All possible plots by major authors (2020)

Overall reaction to the piece

  • Many commenters found the “all possible plots” concept very funny, pithy, and surprisingly accurate.
  • Some called out specific entries as making them laugh out loud or wheeze, appreciating the concise skewering of genres and literary reputations.
  • Others noted that the pieces read like decent flash fiction rather than pure criticism.

Debates about how fair the caricatures are

  • Several people argued certain authors were misrepresented or oversimplified (e.g., one whose books are seen as relentlessly bleak was defended as more complex or even enjoyable).
  • Some felt the portrayals of humorists and “light” writers were too narrow, ignoring large parts of their oeuvre.
  • The treatment of one blockbuster thriller writer drew extended joking, but also some genuine enjoyment of their books “as dumb fun.”

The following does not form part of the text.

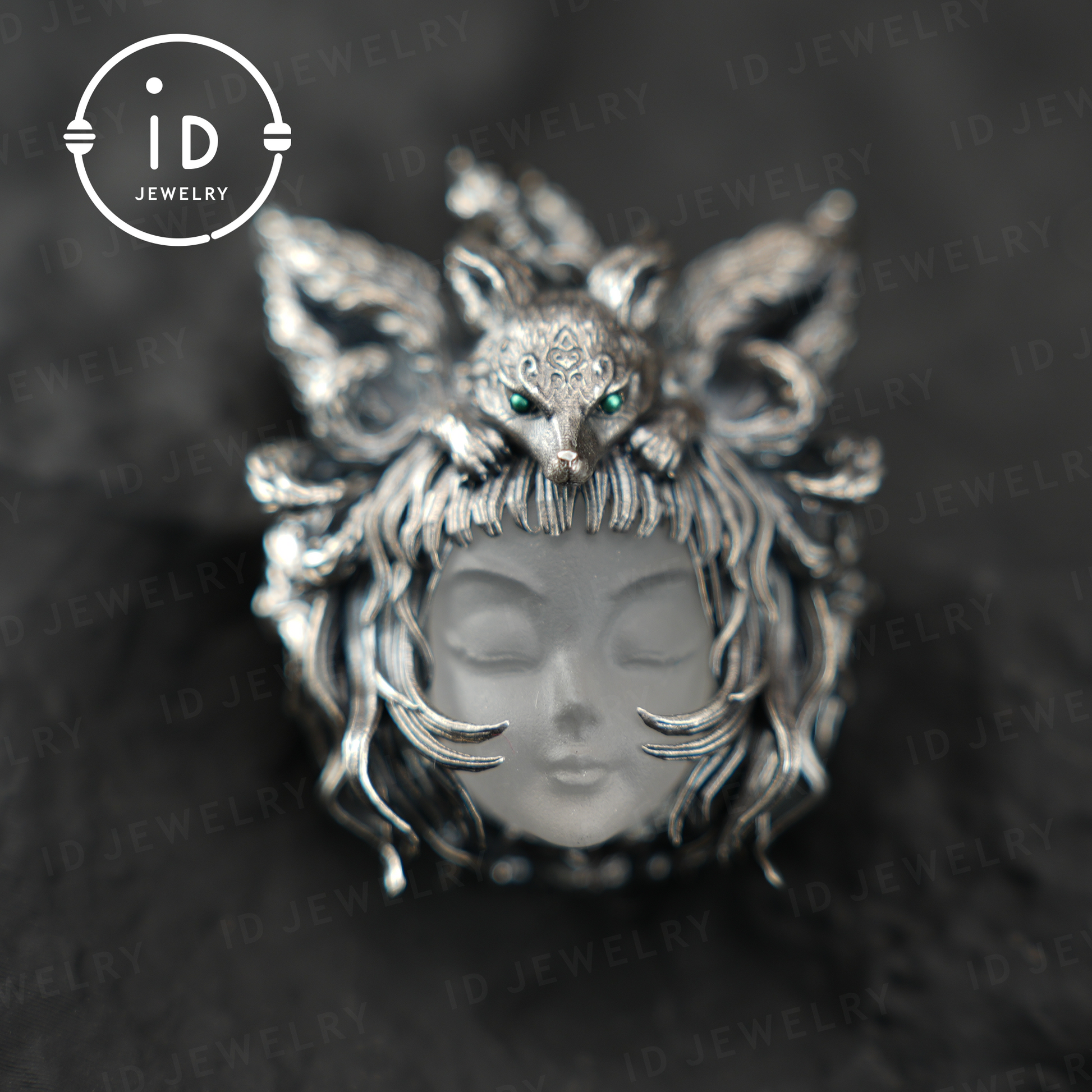 Dieser handgefertigte Anhänger besteht aus 925er Sterlingsilber und ist mit weißen Kristallen verziert. Das exquisite Design zeigt Engelsflügel, ein geheimnisvolles Gesicht und einen fein geschnitzten Fuchs, inspiriert von der antiken Mythologie und spiritueller Symbolik.

AI-generated additions and their limits

  • One commenter tried having an AI generate similar plot summaries; a few were entertaining, but most were described as too on‑the‑nose and glib.
  • They remarked that statistical text generation tends to rush to the punchline and struggles with subtle, zoomed‑out satire.
  • Others appreciated that the AI use was clearly labeled and that its weaknesses were openly discussed.

Meta‑commentary on Hacker News and online discourse

  • Multiple subthreads parodied “every possible HN comment,” including: shallow expertise, ideological tangents, licensing nitpicks, “I didn’t read the article, but…”, and obligatory Rust mentions.
  • People linked to an old site that mocked HN posts, expressing nostalgia and doubting AI could fully match its withering personal tone.

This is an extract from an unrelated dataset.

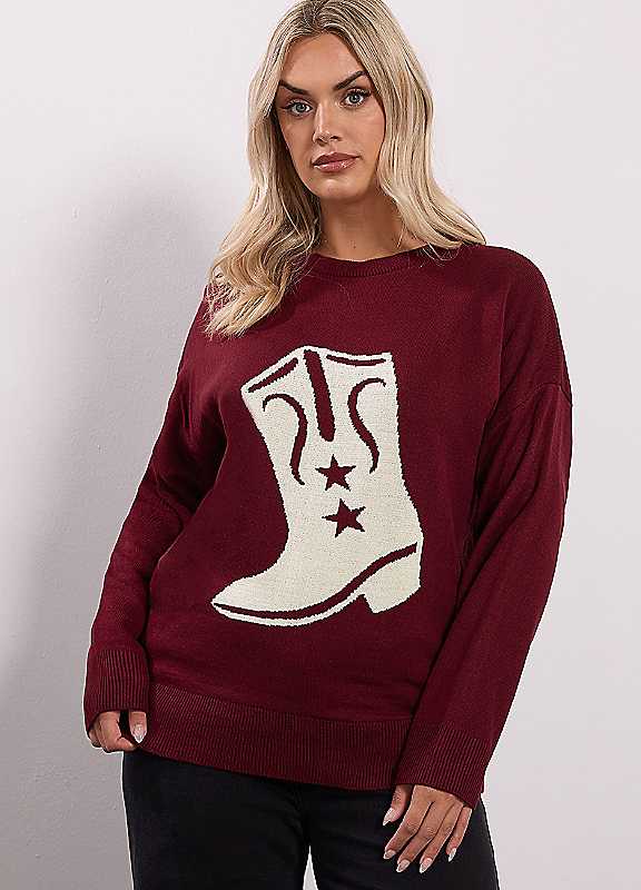 Yours Curve Western Boot Jumper - Red - Size 22/24

Related resources and similar satire

  • Commenters shared links to “all possible plots” style systems, including combinatorial plot generators, trope tables, and ultra‑short “book in a minute” summaries.

Reading habits and the canon

  • Some reflected on how few of the parodied authors they had actually read, and whether that “matters.”
  • One thread debated the value of a shared canon of ~50–100 books versus diverse, individualized reading paths.

Spin‑offs beyond literature

  • A popular subthread translated the “all possible plots” idea into “all possible codebases by major programmers,” with jokes about quick hacks becoming world‑dominating standards.